Some time afterwards, we got to know Michael Palmer. A man of great dignity, carefully spoken, determined, he is Asher's bereaved father and the murdered one year-old Yonatan's saba (grandfather). A cultured person who keeps his opinions mostly to himself, he faced (we are assuming) a question with which we ourselves have had to grapple and to answer: They killed my loved ones. What is there for me to do now? 

Michael set out to do whatever is humanly possible to bring the killers to justice. This, for the benefit of readers living in comfortable places far from here, is not always so easy to do and never to be taken for granted. 

We know only some of what he managed to do. We know he retained a lawyer who knows the military court system inside out - not an obvious thing to do, but one that helps to level the playing field. He pressured the authorities to treat the deaths of the young father and his baby son as murder by terrorism: the signs were there for anyone who wanted to see them, but at first the authorities did not see them. 

He pressed for the law to to be applied in the manner appropriate to cold-blooded perpetrators who set out to develop killing skills, and who eventually succeed in killing. 

He resisted with incredible firmness some of the more idiotic aspects of the military justice and prison system, some of which we were there to witness ourselves. 

He patiently endured postponements and adjournments, one after another: the defence lawyer fails to arrive in time, the prisoner has to prepare for exams, another reason, another excuse, another nerve-wracking delay. 

He encouraged well-intentioned strangers and friends to come and be there in the small court room at Machane Ofer on Jerusalem's northern edge - not only to be there but to be there with photographs in our hands. Photos of Asher and of Yonatan. By this, he succeeded in creating something unusual in a terrorism trial: an awareness of the victims. When our daughter Malki's murderers were tried in a different military court eleven years ago, we were told nothing before, during or after. The first intimations we had of their arrests and convictions came when we read about them in the news.

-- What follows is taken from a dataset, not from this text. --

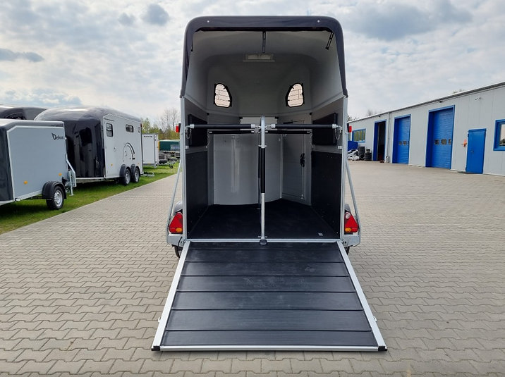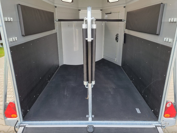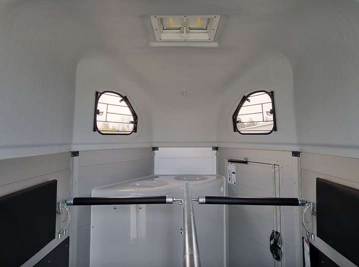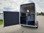 Le HBX 506, 2 places est idéal pour transporter deux chevaux. Il est équipé de série de deux vitres latérales, d’une grande fenêtre avant, de longerons latéraux, d’un portail et de barres de recul. Pour les propriétaires de fourgons recherchant une polyvalence accrue, le pont de portail standard est idéal. Fonctionnant comme un pont pour le chargement des chevaux, il peut également s’ouvrir comme une porte latérale, permettant ainsi à un chariot élévateur de chargeur d’objets lourds dans le fourgon.

Today, Michael Palmer together with the mutual friends who introduced us - Melody and Yosef Hartuv (Yosef writes the Love of the Land blog) - left their community south of Jerusalem and headed north by car to hear the judicial panel in the court room pronounce the verdict in the murder trial of Wa'al Al-Araja. 

The road they traveled runs north through a notorious Palestinian Arab village called Beit Ummar. We have written about it here in the past: "23-Feb-12: The power of the camera". Please go and read it if the title does not ring a bell for you. It features some graphic photographs detailing what happens when a deliberately hurled rock, cement block or boulder shatters the windshield of a young Israeli mother's fast-moving car. The Hartuvs and Michael Palmer followed the highway through the same town today. They encountered, as hundreds of other local Israeli residents do daily, the same malevolent intent, the same indifferent onlookers, as we depicted in that blog post a year ago. 

Yosef told us:
While we were passing through Beit Ummar early this afternoon, a Arab youth - I would say between 16 and 18 and wearing a ski cap to conceal his identity - stepped out from behind a building with rock in hand, targeting our car. Veering away, we managed things so that the rock struck 'only' the body of our car. Once before, when we were heading back home from Machane Ofer and a previous hearing, another budding terrorist - or was it the same one? -  shattered the windshield of our car a few hundred meters away from where today's attack happened. It's all just part of the seemingly regular challenge of attending a trial where the accused make use of stones directed at Jewish motorists as murder weapons.
It's possible someone was arrested in Beit Ummar today, but if so it did not happen when the Hartuvs and Michael Palmer were hit. (Perhaps a little later; we can hope.) Shaken but uninjured, they kept on going, and were in court when the decision was given:
The Ofer Base Military Court convicted Tuesday Waal al-Araja, a member of the Palestinian security forces from Halhoul, of the murder of Asher Palmer and his infant son, Yonatan, in September 2011. Al-Araja, who was throwing stones from a moving vehicle toward Palmer's car on Route 60, causing the father and son's death, was also convicted in connection with a series of attempted murders of a similar nature. The verdict is considered unusual in relation to stone hurling incidents where the Military Prosecution seldom files indictments for murder. The judges, Justice Amir Dahan, Justice Zeev Afiq and Justice Steve Berman noted in their decision that there has been no precedent in a similar case since the 1980s. Al-Araja admitted to the crimes ascribed to him in both the interrogation and during the trial but claimed that he did not mean to kill the victims. In their verdict the judges noted that al-Araja was convicted of murder because it was proven that he intended to kill Jews and that he understood that throwing rocks could cause their deaths. The verdict also revealed that at the time that the Palestinian terrorist committed his crimes, he was becoming an expert at hitting his targets and noticed the serious damages that were a result of stone hurling. The judges further noted that al-Araja's associates boasted of their actions, called it Jihad and later claimed that they carried out the acts because "the settlers cursed the prophet Mohammad and burned mosques." [Source: Ynet]
The report goes on to describe Michael weeping and embracing those friends who had kept on turning up to present the court with those unwelcome reminders of what Palestinian Arab terrorism is really about: innocent victims, shattered lives.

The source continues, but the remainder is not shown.